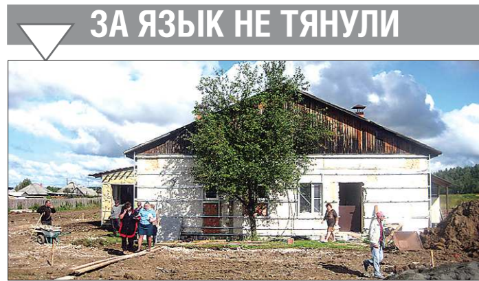
Сдачу объекта опять перенесли — теперь уже на 22 июня
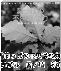
『葉っぱの不思議な力』 鷺谷 いづみ 著 / 埴 沙萌 写真

緑の葉っぱは、この地球のあらゆる場所に、生き物にとっての食料庫がつねに満たされているように、働き続けている。そのおかげで、地上のあらゆる生命の暮らしが成り立っている。葉っぱのふしぎがわかる本。
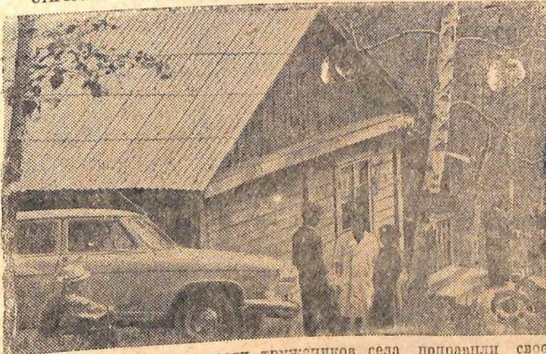
На снимке: за лето двести труженников села поправили свое здоровье в колхозном доме отдыха. Над колхозной дачей шефствуют медицинские работники курорта Шивада.

Артель борется за высокое звание коллектива коммунистического труда.
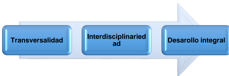
Figura 3 “Correlación de conceptos fundamentales de la investigación”. El esquema permite vislumbrar los conceptos fundamentales para la comprensión del tema de investigación.

Al iniciar la investigación se tenía una idea muy general de lo que conlleva la transversalidad del currículo y el desarrollo integral de los estudiantes, al revisar a mayor profundidad las características y la intención que tienen los proyectos transversales, se logró hacer una correlación (Figura 3) en la cual se reconoce un concepto fundamental que me permitió tener claridad de las implicaciones del tema que me encontraba investigando, para posteriormente ponerlo en práctica con los estudiantes a los que atendía en mis prácticas profesionales, dándome insumos para estudiar y concretar la competencia profesional que debía fortalecer.
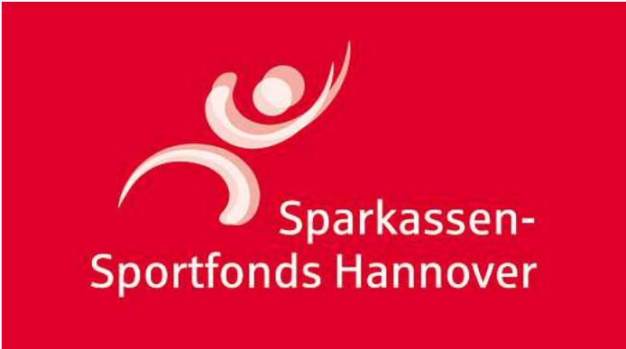
Sparkassen-Sportfonds Logo.

• RVC Wedemark im Turnclub Bissendorf: Der Verein möchte mit jungen talentierten Voltigierern und Voltigierern ein Juniorteam aufbauen, das auf Leistungssport-Niveau voltigiert. Das Team benötigt ein gutes und leistungsstarkes Pferd für den Spitzensport, da das vorhandene Voltigierpferd aus Altersgründen ausscheiden wird. Der Sportfonds unterstützt mit 2.000 Euro.
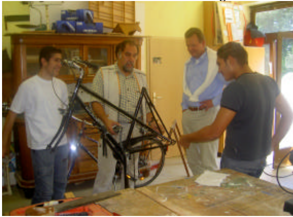
In der Werkstatt lernten die Schüler gerade, ein Fahrrad zu reparieren

Die Gäste sahen sich mehrere Unterrichtsräume an, in denen die Schülerschaft handwerklich geschult wird.
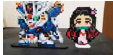
アイロンビーズ作成は人気です。
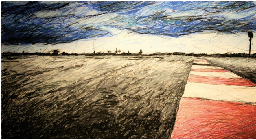
Image tirée du segment de l'aéroport Tempelhof de BERLIN – LE PASSAGE DU TEMPS

que deux mouches ensemble. Elles étaient toutes enregistrées séparément. C'est un travail qui est allé beaucoup plus loin que je m'attendais. C'est devenu presque musical comme construction.
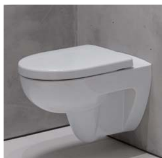
Renova Nr. 1 355 x 540 mm, 4,5/6 l, Modell-Nr. 203050
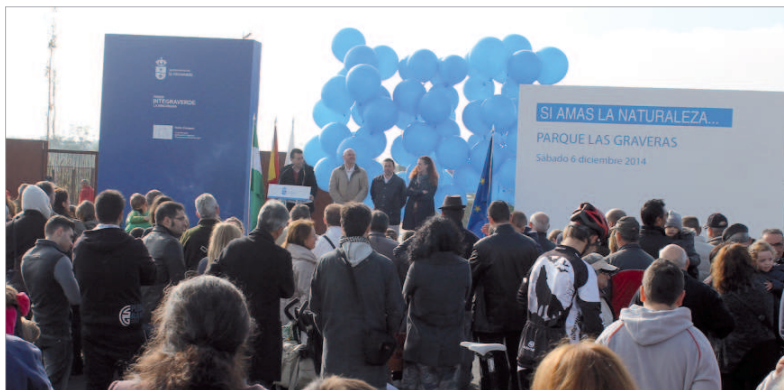
El alcalde y su equipo de Gobierno durante la inauguración del parque.

con La Jarilla, aparcamientos e itinerario de carril bici perfectamente comunicado con el del resto del municipio, así como acceso a la futura ronda sur. Asimismo, para seguridad de los ciudadanos, se ha regulado el acceso al parque con un semáforo y un paso de peatones.
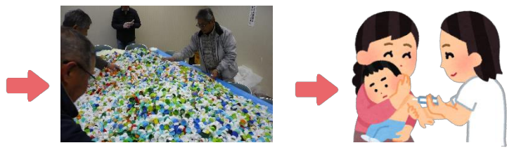
回収後エコ・ワクチン協会へ

皆様から回収させていただいたエコキャップは各自治会長様が年に3回嬉野中川まちづくり協議会に持ち込んでいただいております。
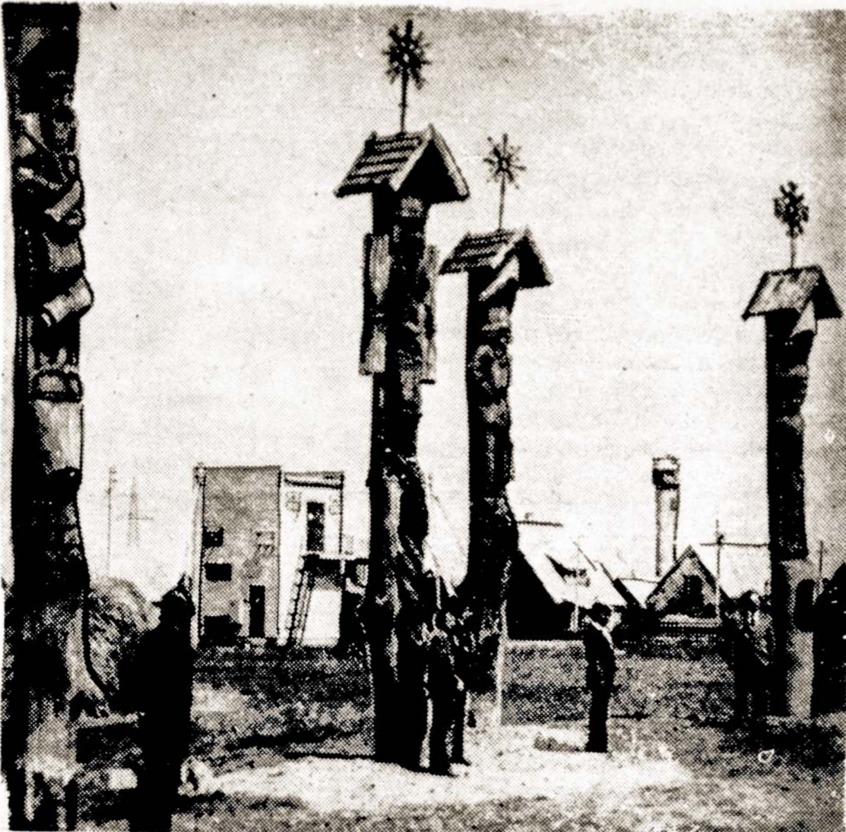
Nuotraukoje: Medžio skulptūros Pasvalio rajono "Mūšos" kolūkyje.
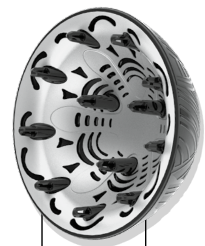
Profundidad y sistema de circulación del aire diseñados a medida. Interior térmico de aluminio

Trabaja exclusivamente con el secador iónico/cerámico de 1875 vatios The Curl Collective™
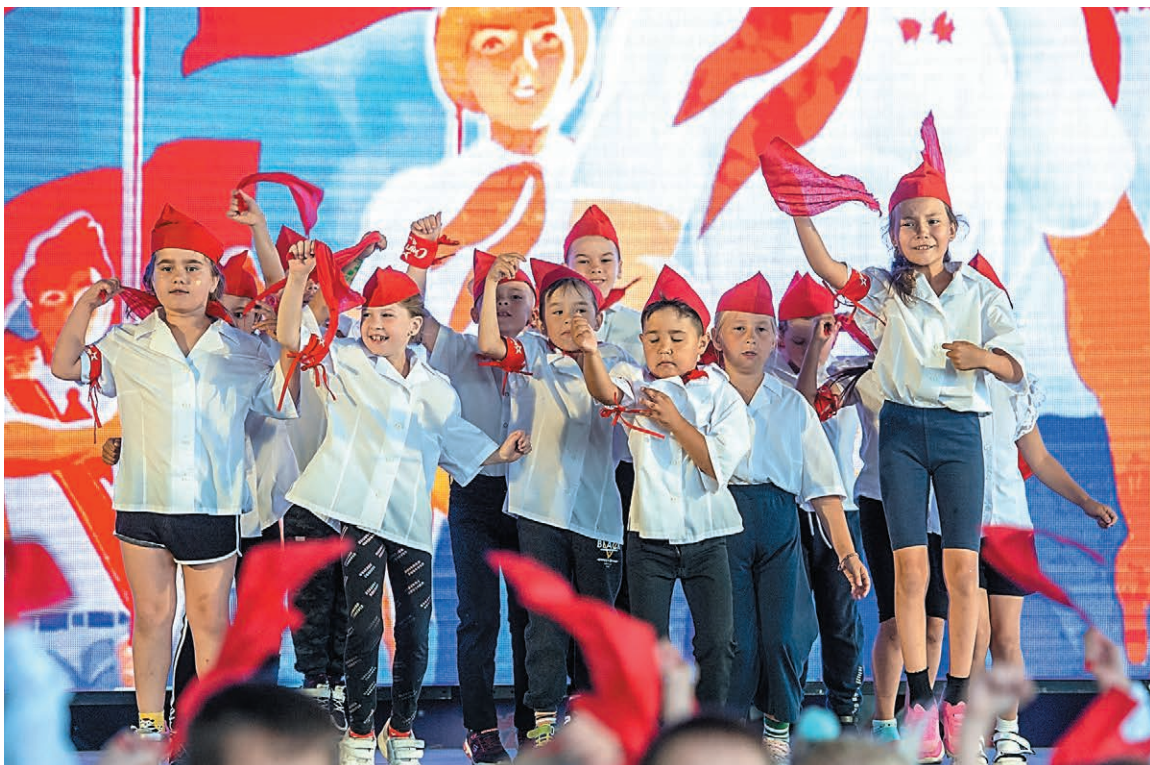
Яркое открытие третьей, юбилейной смены
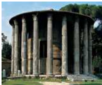
Templo de Vesta

http://mercedesitalia95.wordpress.com/2011/12/30/66/
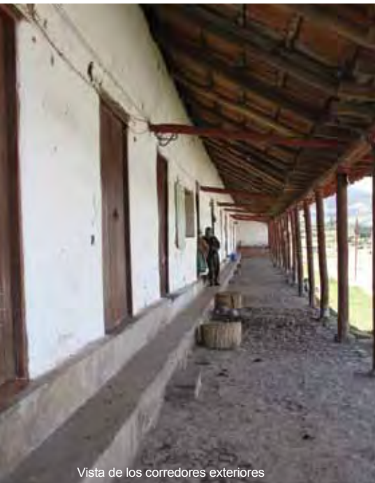
Vista de los corredores exteriores

La restauración ha considerado entre otros aspectos la colocación de baldosa, piedra, gres y bordillos en patios y corredores; porcelanato en el hall-galería, cafetería, restaurante, cuarto de máquinas, bodegas y cocina; cerámica en las baterías sanitarias;
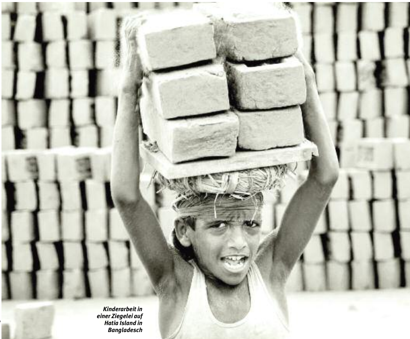
Kinderarbeit in einer Ziegelei auf Hatia Island in Bangladesch
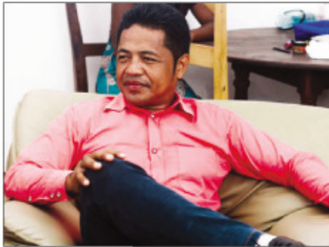
Raniry, mpanoratra sy mpanakanto any Mahajanga.

A raka ny fanadihadiana natao manerana ny Nosy dia tena vitsy dia vitsy tokoa ny olona manatona ny biraom-pokontany maka ny kara-pifidianany sy manontany ny anarany raha toa ka voasoratra soamantsara ao anaty lisi-pifidianana. Midika izany fa hidina ambany dia ambany ny tahan'ny mpifidy amin'ity ffidianana izay ho solombavambahoaka ity. Leo, tofoka, boboka tarteraka ny vahoaka, izay no azo ilazana azy, hany ka tsy te-handray andraikitra intsony ; indrindra raha ffidianana no asian-teny. Leom-boan'anana ka tsy tia zava-boribory intsony. Mety ho zaran'ny mpitorondra koa aza izany satria afaka manao izay danin'ny kibony izy rehefa ny vahoaka no tsy te-hifidy sy handray andraikitra intsony. Ireo havana akaikin'ny kandida, na koa ireo nahazo tombontsoa mivantana sisa no hany sisa mba tonga mifidy fa ny ambany dia mitokona tsotra izao ao an-tranony avokoa fa tsy te-hihirika ffidianana intsony. Tena zava-doza goavana ho an'ny firenena anefa izany tranan-javatra mampahonena izany satria vao mainka mampihitsoka lalina sy mampilitika ny firenena ao anaty lavaka mangitsokitsoky ny fahasahiranana.
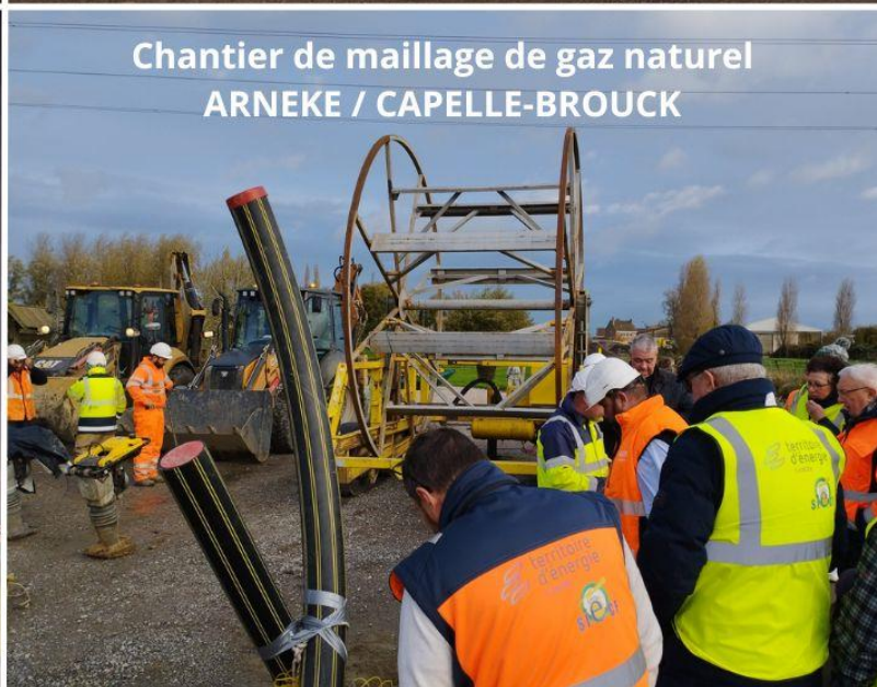
Chantier de maillage de gaz naturel ARNEKE / CAPELLE-BROUCK
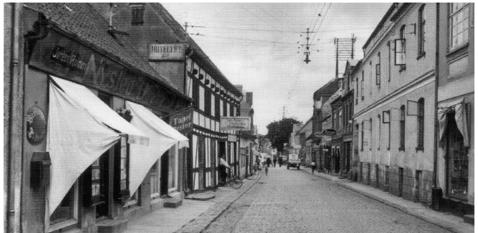
Foto fra midten af 1920'erne i Adelgade i Nysted. De solafskærmende markiser, der skulle modvirke solblegningen af bøgerne i Nystred Boghandel, var ikke så standardiserede som i dag, men dog alligevel mulige at klappe ud og ind, som på modsatte side af gaden, efter behov.

Der findes i dag et væld af forskellige permanente og mobile markiser. En stor del af dem er udført i materialer, der er fremmede for gamle huse - f.eks. blank plastik- eller nylon-dug. Ydermere er farverne ofte skrigende i forhold til traditionelle facadefarver, og markiserne kan have faconer med tunger, frynser eller lignende.

□ □ □ □ □

■ Task brief ■
In the records above, find the line with "Image tirée du" and the line with "Renova Nr. 1". Write out exactly those lines and every one between, with no pictures and no other lines.

■ Exercise solution ■
Image tirée du segment de l'aéroport Tempelhof de BERLIN – LE PASSAGE DU TEMPS

que deux mouches ensemble. Elles étaient toutes enregistrées séparément. C'est un travail qui est allé beaucoup plus loin que je m'attendais. C'est devenu presque musical comme construction.
Renova Nr. 1 355 x 540 mm, 4,5/6 l, Modell-Nr. 203050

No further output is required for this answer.